# [TASK INSTRUCTIONS]
In the listing below, find the line with "This is an elegant, seamless" and copy every line from there up to and including the line with "Ian has 7 meters", exactly and without pictures.

*** Opening of EXERCISE DATA ***

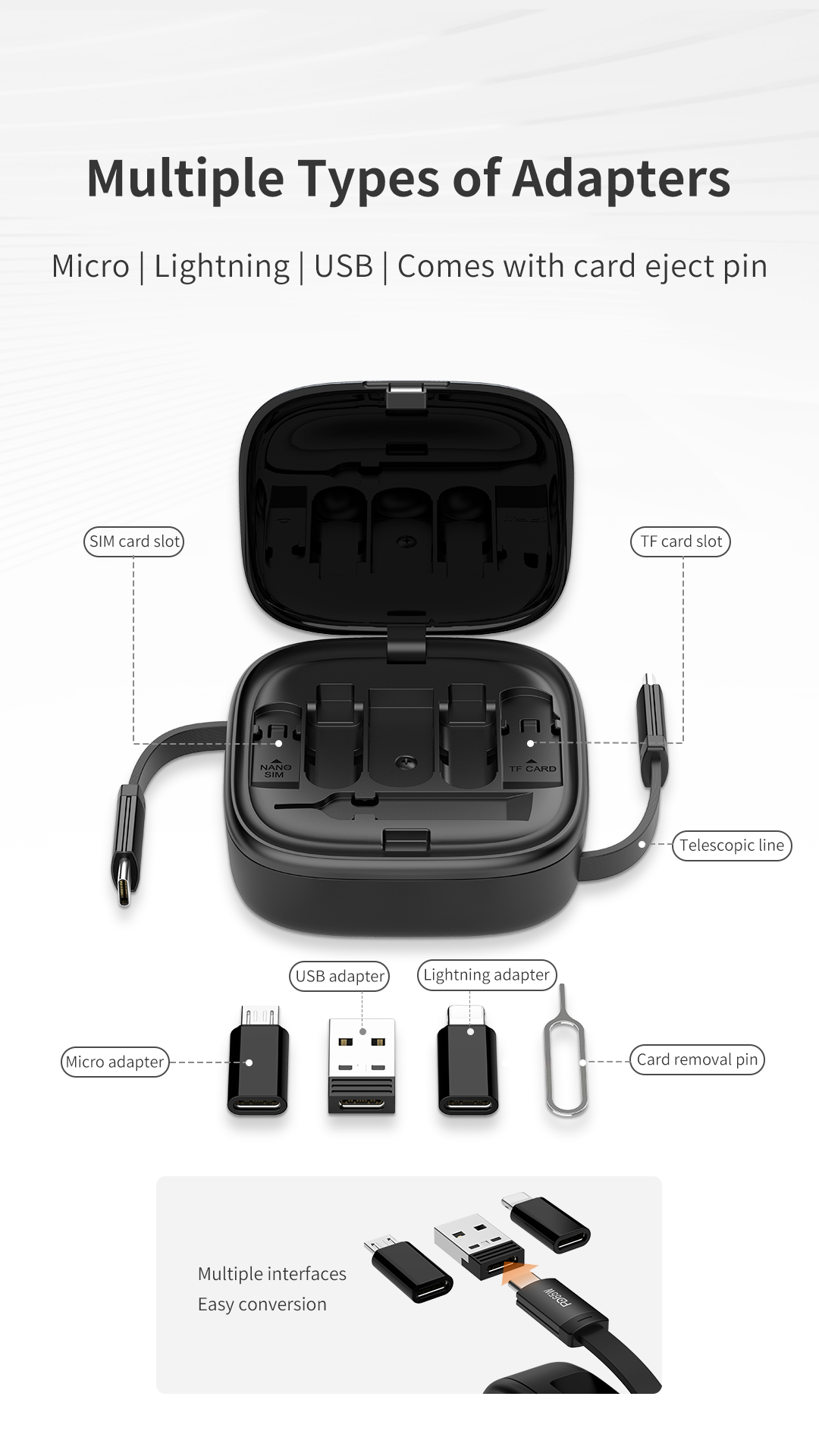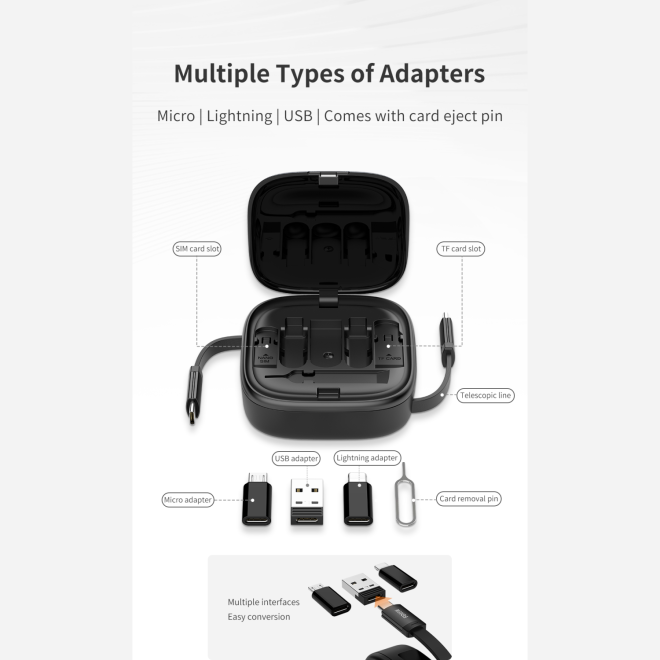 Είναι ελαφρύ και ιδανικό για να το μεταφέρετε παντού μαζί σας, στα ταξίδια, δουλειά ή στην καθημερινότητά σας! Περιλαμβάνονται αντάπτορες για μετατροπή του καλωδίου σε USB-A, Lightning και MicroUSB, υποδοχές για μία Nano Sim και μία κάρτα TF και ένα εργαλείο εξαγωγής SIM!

*** Close of EXERCISE DATA ***
*** Opening of EXERCISE DATA ***

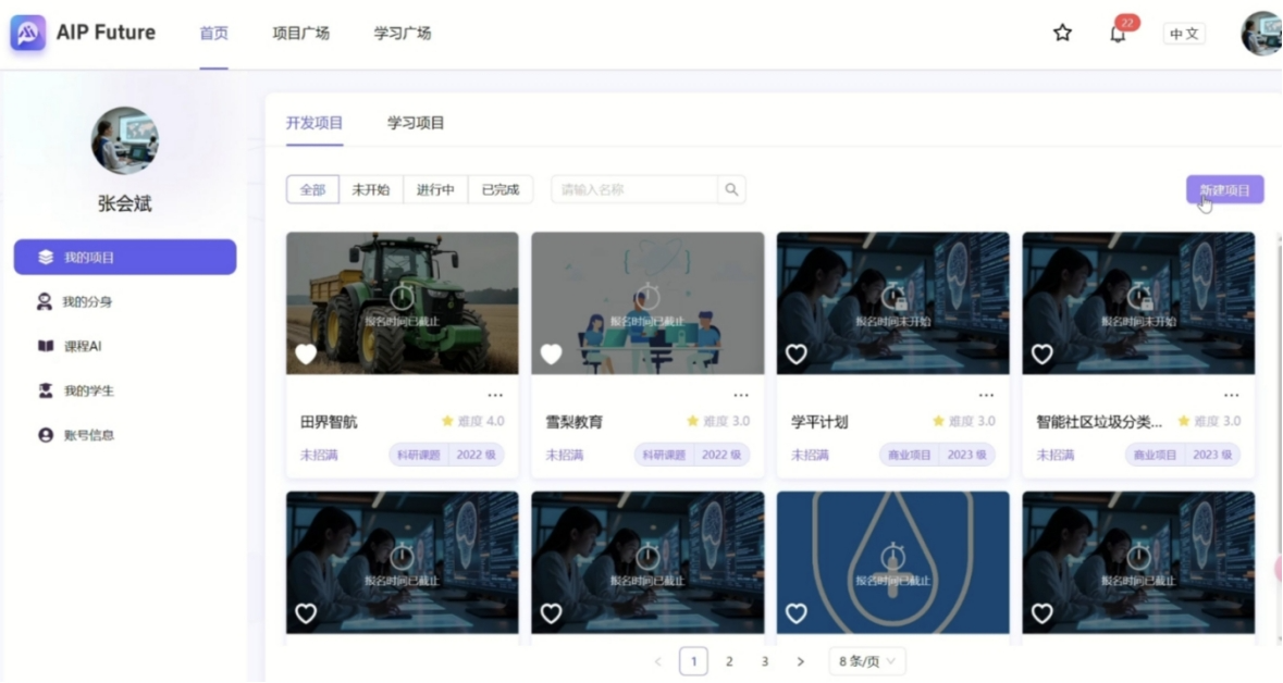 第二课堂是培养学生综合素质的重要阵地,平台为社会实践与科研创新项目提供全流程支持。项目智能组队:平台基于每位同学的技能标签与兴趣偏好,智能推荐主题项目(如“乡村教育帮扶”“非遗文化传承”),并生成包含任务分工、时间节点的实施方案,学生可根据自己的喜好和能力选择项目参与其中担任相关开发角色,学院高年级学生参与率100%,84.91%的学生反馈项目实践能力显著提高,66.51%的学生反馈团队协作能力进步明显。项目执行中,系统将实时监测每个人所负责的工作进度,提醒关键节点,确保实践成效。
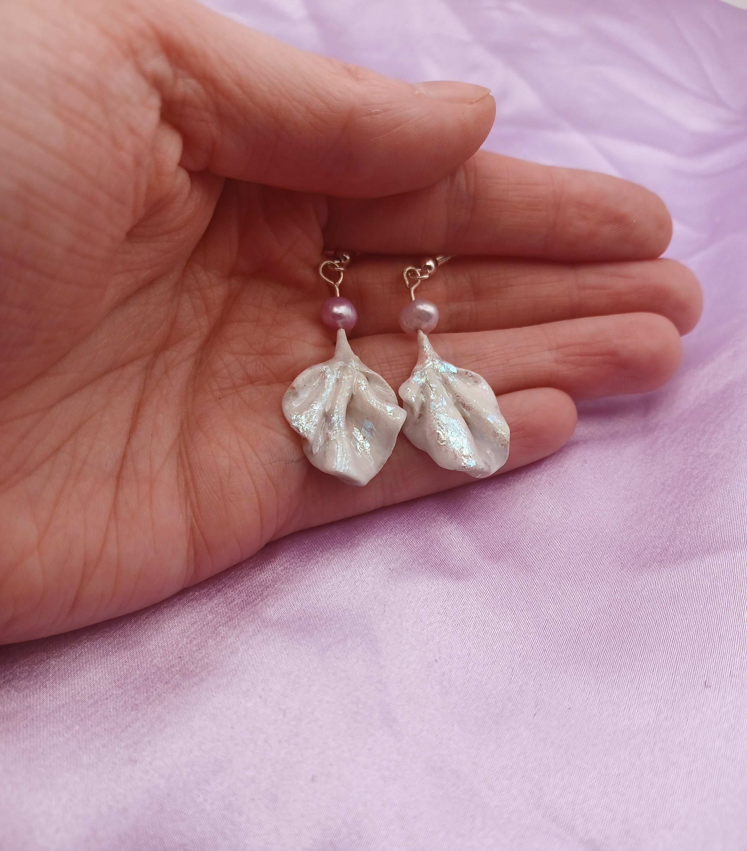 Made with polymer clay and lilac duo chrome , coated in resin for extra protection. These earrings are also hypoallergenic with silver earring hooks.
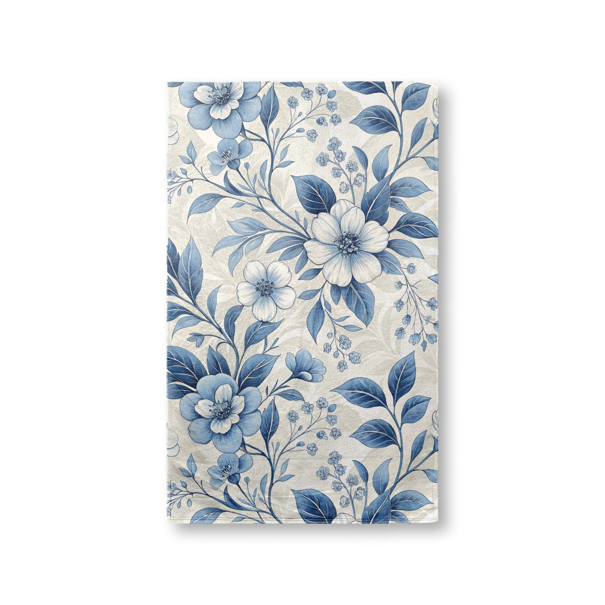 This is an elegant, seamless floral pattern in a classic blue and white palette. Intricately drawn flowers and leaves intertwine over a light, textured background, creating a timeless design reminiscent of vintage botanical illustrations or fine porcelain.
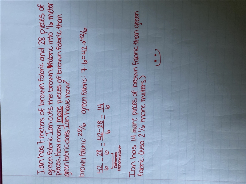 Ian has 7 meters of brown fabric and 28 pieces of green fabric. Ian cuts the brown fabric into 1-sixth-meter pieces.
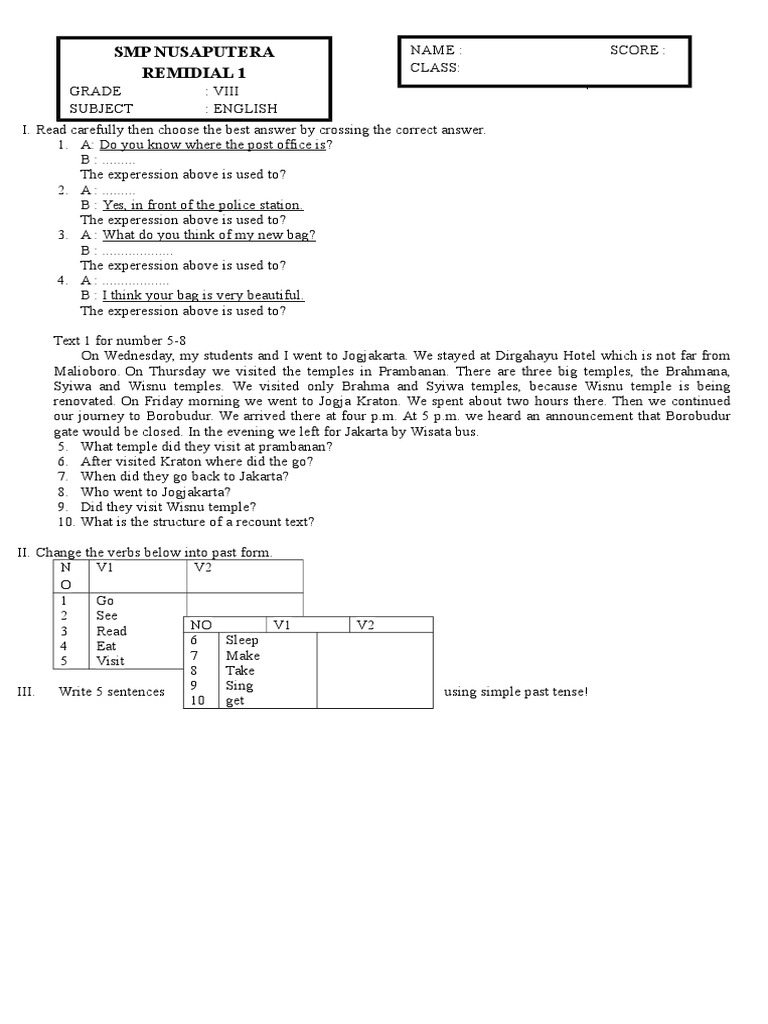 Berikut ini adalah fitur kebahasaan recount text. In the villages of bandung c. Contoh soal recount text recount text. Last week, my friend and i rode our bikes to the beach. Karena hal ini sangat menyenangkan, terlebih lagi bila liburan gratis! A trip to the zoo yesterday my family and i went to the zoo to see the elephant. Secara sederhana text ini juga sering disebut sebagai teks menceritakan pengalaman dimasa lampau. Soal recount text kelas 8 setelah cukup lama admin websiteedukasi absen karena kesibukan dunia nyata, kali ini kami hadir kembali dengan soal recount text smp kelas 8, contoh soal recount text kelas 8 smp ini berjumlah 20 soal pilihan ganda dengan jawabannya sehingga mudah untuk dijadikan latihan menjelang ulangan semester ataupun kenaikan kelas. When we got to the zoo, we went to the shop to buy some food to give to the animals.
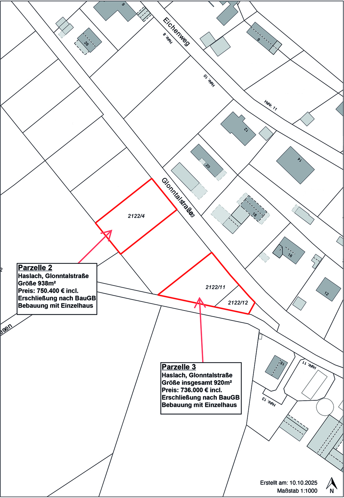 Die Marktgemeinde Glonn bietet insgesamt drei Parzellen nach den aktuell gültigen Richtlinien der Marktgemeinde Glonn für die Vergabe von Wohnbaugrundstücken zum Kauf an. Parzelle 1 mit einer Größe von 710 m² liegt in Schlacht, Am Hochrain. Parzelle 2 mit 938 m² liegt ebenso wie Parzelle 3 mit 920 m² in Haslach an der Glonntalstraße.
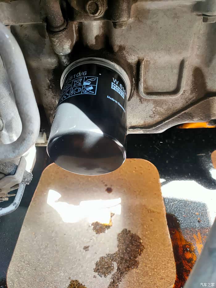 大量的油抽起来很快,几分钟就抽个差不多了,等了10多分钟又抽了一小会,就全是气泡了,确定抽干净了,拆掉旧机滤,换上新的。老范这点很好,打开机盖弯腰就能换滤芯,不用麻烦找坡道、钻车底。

*** Close of EXERCISE DATA ***

# [REPLY TO THE TASK]
 This is an elegant, seamless floral pattern in a classic blue and white palette. Intricately drawn flowers and leaves intertwine over a light, textured background, creating a timeless design reminiscent of vintage botanical illustrations or fine porcelain.
 Ian has 7 meters of brown fabric and 28 pieces of green fabric. Ian cuts the brown fabric into 1-sixth-meter pieces.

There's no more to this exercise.